Problem description
When you transcribe the data below, reproduce every line exactly and leave each picture out.

Dataset excerpt

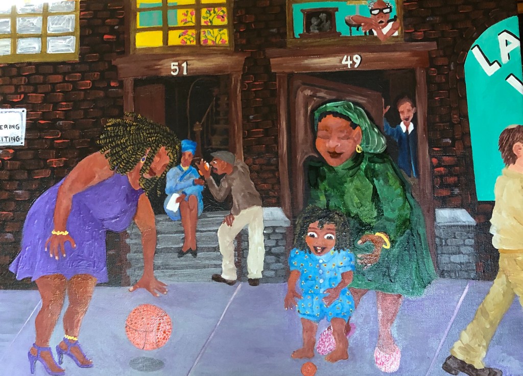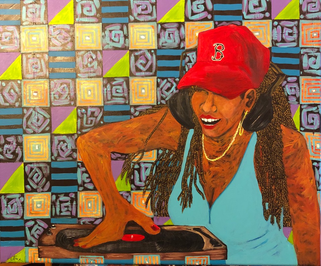 “Double Dutch Jump Rope (Yellow Boots) “Spinning Her Story”“Jazz Lullaby”“Empowering Women” “Playing & Swinging”“She’s Coming Out”“All of Us. Branches of the Tree of Life”“The Bean Eaters” “Her Matriarchy” “Her Broad Shoulders” 24” x 20” “Drama Queen” 20” X 24” “Betty’s Lil’ Director” “Hip Hop Vinyl” 24” x 20”“His Two Sweetest Dreams” “Maybe, Not Now” 20” x 18” “DJ On & On”
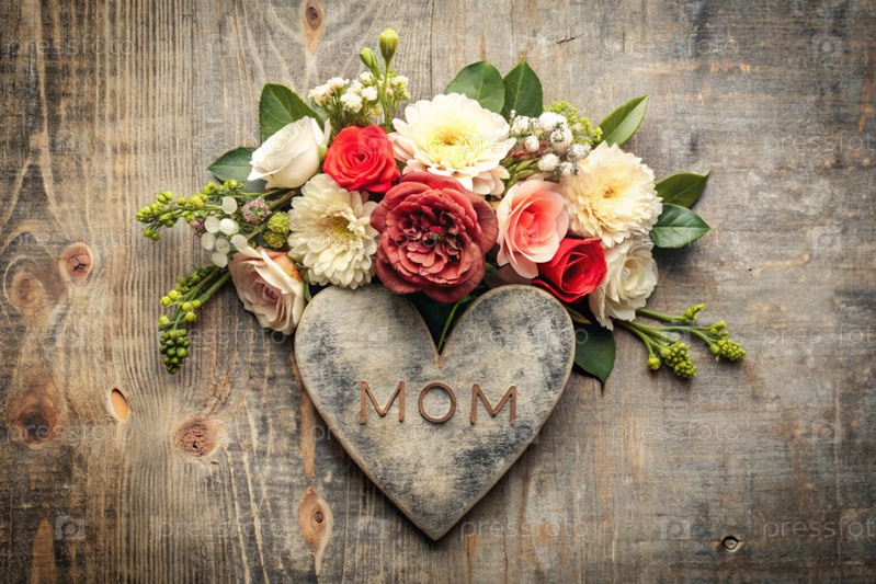 Открытка, баннер Дня матери с красными цветами, сердца на винтажном сером деревянном фоне
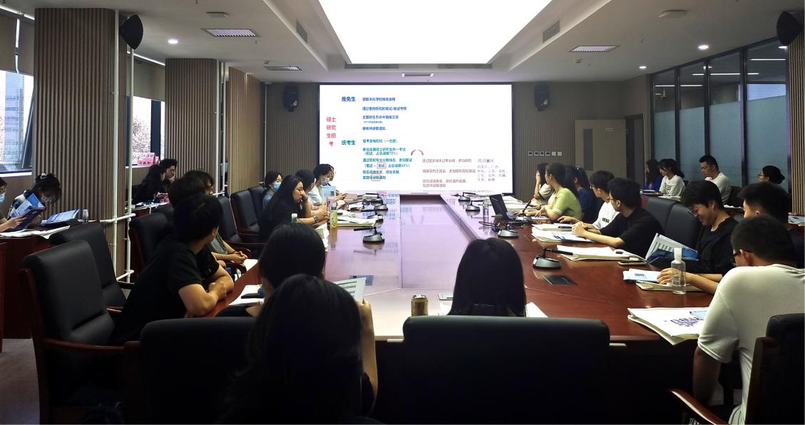 会上,王赛男老师介绍了推免生录取、硕士研究生统一招生考试初试、复试、调剂等各环节流程,结合报考人数、国家线上线率等数据分析了近年考研形势,详细介绍了公司硕士研究生招生录取情况及各专业的特色,并就同学们关心的院校选择、学术型与专业型硕士的区别、复试注意事项等问题进行了解释。
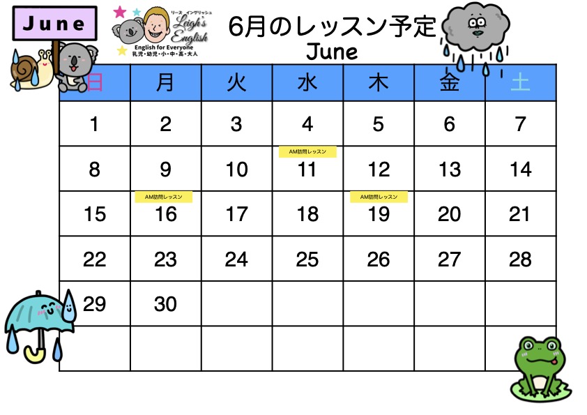 6月のレッスン予定は以下の画像の通りです。日曜日と月曜日は5週ありますが、レッスンを予定しています。(年間でレッスン回数を合わせているため)ご予定ご確認ください。

Written answer
 “Double Dutch Jump Rope (Yellow Boots) “Spinning Her Story”“Jazz Lullaby”“Empowering Women” “Playing & Swinging”“She’s Coming Out”“All of Us. Branches of the Tree of Life”“The Bean Eaters” “Her Matriarchy” “Her Broad Shoulders” 24” x 20” “Drama Queen” 20” X 24” “Betty’s Lil’ Director” “Hip Hop Vinyl” 24” x 20”“His Two Sweetest Dreams” “Maybe, Not Now” 20” x 18” “DJ On & On”
 Открытка, баннер Дня матери с красными цветами, сердца на винтажном сером деревянном фоне
 会上,王赛男老师介绍了推免生录取、硕士研究生统一招生考试初试、复试、调剂等各环节流程,结合报考人数、国家线上线率等数据分析了近年考研形势,详细介绍了公司硕士研究生招生录取情况及各专业的特色,并就同学们关心的院校选择、学术型与专业型硕士的区别、复试注意事项等问题进行了解释。
 6月のレッスン予定は以下の画像の通りです。日曜日と月曜日は5週ありますが、レッスンを予定しています。(年間でレッスン回数を合わせているため)ご予定ご確認ください。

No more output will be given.